#ques1
#The team wants to analyze each variable of the data collected through data summarization
#to get a basic understanding of the dataset and to prepare for further analysis. -
inter<-read.csv("C:/Users/Vaibhav Goyal/Desktop/simpl/DATA SCIENCE WITH R/Internet/Internet.csv",header = T)
summary(inter)
## Bounces Exits Continent
## Min. : 0.000 Min. : 0.000 AF : 321
## 1st Qu.: 0.000 1st Qu.: 1.000 AS : 3171
## Median : 1.000 Median : 1.000 EU : 6470
## Mean : 0.713 Mean : 0.906 N.America:20043
## 3rd Qu.: 1.000 3rd Qu.: 1.000 OC : 1356
## Max. :30.000 Max. :36.000 SA : 748
##
## Sourcegroup Timeinpage Uniquepageviews
## google :11542 Min. : 0.00 Min. : 1.000
## (direct) : 7532 1st Qu.: 0.00 1st Qu.: 1.000
## Others : 5360 Median : 0.00 Median : 1.000
## tableausoftware.com : 2388 Mean : 73.18 Mean : 1.114
## t.co : 2249 3rd Qu.: 10.00 3rd Qu.: 1.000
## public.tableausoftware.com: 1354 Max. :46745.00 Max. :45.000
## (Other) : 1684
## Visits BouncesNew
## Min. : 0.000 Min. :0.00000
## 1st Qu.: 1.000 1st Qu.:0.00000
## Median : 1.000 Median :0.01000
## Mean : 0.906 Mean :0.00713
## 3rd Qu.: 1.000 3rd Qu.:0.01000
## Max. :45.000 Max. :0.30000
##
#bounces min=0,max=30
#exit min=0 max=36
#From the result of summarized dataset, it is observed that the numerical data includes
#information related to the maximum, minimum, and mean data.
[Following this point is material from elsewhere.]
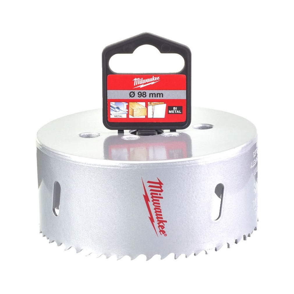 Milwaukee Bimetál lyukfűrész (építőipari) 98 mm 4932464705\nOptimalizált 4/6 fogkiosztás a gyorsabb vágáshoz és univerzális használathoz.\nBi-Metal fogak a legjobb tartósságért és a kopásállóságért.\nUniverzális felhasználásra: acél, színesfémek, fa, gipszkarton, műanyag.\n\n\n
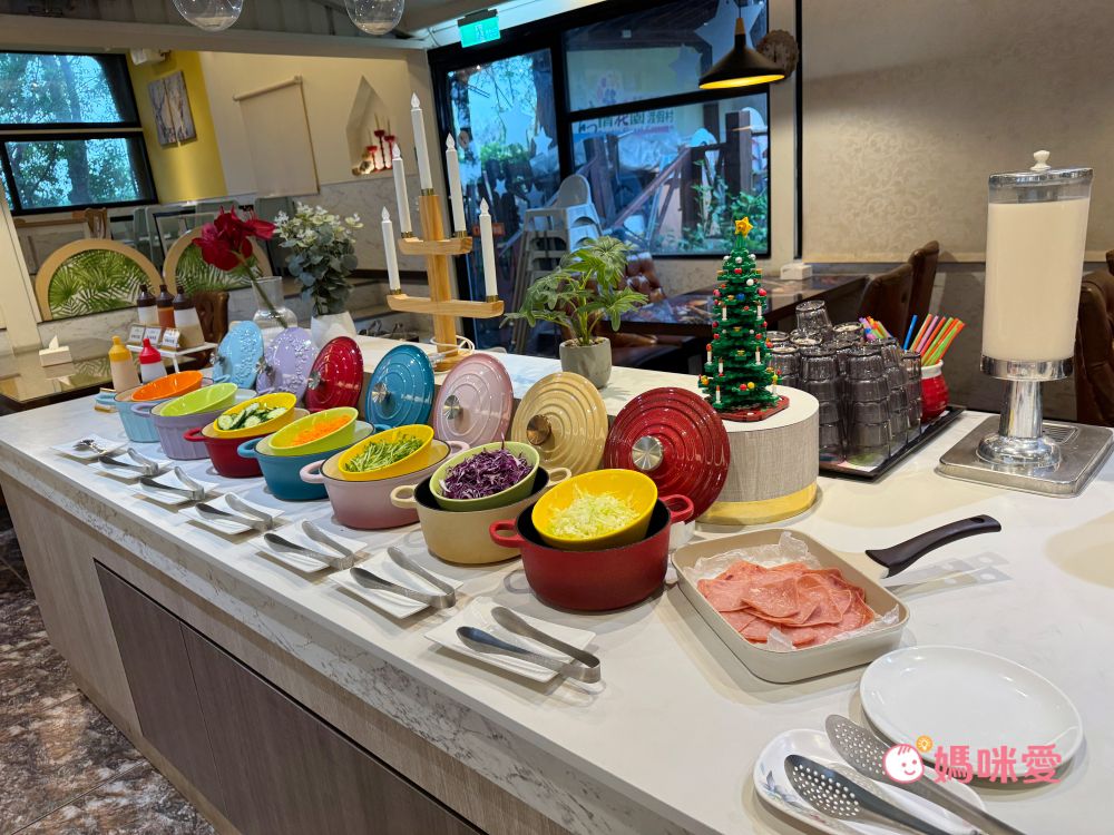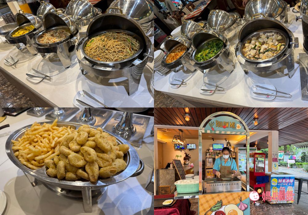 雖然不如直接房門口出來就能用餐方便,但選擇到露營區用餐的好處是選擇非常多樣,飲料自助吧有紅茶、柳橙汁、牛奶、奶茶、咖啡,不論是中式的稀飯、滷肉飯,還是西式的土司麵包都能任選。

#The categorical data like continent includes the data of the number of times the category has been
#repeated in the dataset. We can see that there is a maximum value of 30 bounces for the website.
#This site was accessed maximum number of times by visitors from North A
#ques2
#As mentioned earlier, a unique page view represents the number of sessions during which that
#page was viewed one or more times. A visit counts all instances, no matter how many times the
#same visitor may have been to your site. So the team needs to know whether the unique page view
#value depends on visits.
cor(inter$Uniquepageviews,inter$Visits)
## [1] 0.8144457
ano<-aov(Uniquepageviews~Visits, data=inter)
summary(ano)
## Df Sum Sq Mean Sq F value Pr(>F)
## Visits 1 8052 8052 63257 <2e-16 ***
## Residuals 32107 4087 0
## ---
## Signif. codes: 0 '***' 0.001 '**' 0.01 '*' 0.05 '.' 0.1 ' ' 1
#We can infer from the results that the visits variable has a significant impact on
#Unique.Pageviews. So the team can conclude that unique page values depend on visits.
#ques3
#Find out the probable factors from the dataset, which could affect the exits.
#Exit Page Analysis is usually required to get an idea about why a user leaves the
#website for a session and moves on to another one. Please keep in mind that exits should
#not be confused with bounces
anoo<-aov(Exits~.,data = inter)
summary(anoo)
## Df Sum Sq Mean Sq F value Pr(>F)
## Bounces 1 10578 10578 1.043e+05 < 2e-16 ***
## Continent 5 3 1 5.960e+00 1.62e-05 ***
## Sourcegroup 8 7 1 8.760e+00 4.89e-12 ***
## Timeinpage 1 130 130 1.279e+03 < 2e-16 ***
## Uniquepageviews 1 1573 1573 1.552e+04 < 2e-16 ***
## Visits 1 1 1 5.014e+00 0.0251 *
## Residuals 32091 3254 0
## ---
## Signif. codes: 0 '***' 0.001 '**' 0.01 '*' 0.05 '.' 0.1 ' ' 1
#From the result of ANOVA given here, we can see that source.group, bounces,
#and unique.pageviews have more significance. Visits have comparatively less significance.
#Hence we can say that exit from the site is affected by the factors of source group,
#bounces, and unique.pageviews.
#ques4
#Every site wants to increase the time on page for a visitor.
#This increases the chances of the visitor understanding the site content better and
#hence there are more chances of a transaction taking place.
#Find the variables which possibly have an effect on the time on page.
anooo<-aov(Timeinpage~.,data = inter)
summary(anooo)
## Df Sum Sq Mean Sq F value Pr(>F)
## Bounces 1 5.947e+07 59466495 422.868 < 2e-16 ***
## Exits 1 1.304e+08 130400662 927.283 < 2e-16 ***
## Continent 5 4.767e+06 953431 6.780 2.51e-06 ***
## Sourcegroup 8 1.545e+06 193153 1.374 0.202
## Uniquepageviews 1 1.791e+08 179133934 1273.826 < 2e-16 ***
## Visits 1 1.073e+08 107321113 763.163 < 2e-16 ***
## Residuals 32091 4.513e+09 140627
## ---
## Signif. codes: 0 '***' 0.001 '**' 0.01 '*' 0.05 '.' 0.1 ' ' 1
#only source group is not affecting the time in page views rest all are significantly afecting the timein page views
#ques 5
#A high bounce rate is a cause of alarm for websites which depend on visitor engagement.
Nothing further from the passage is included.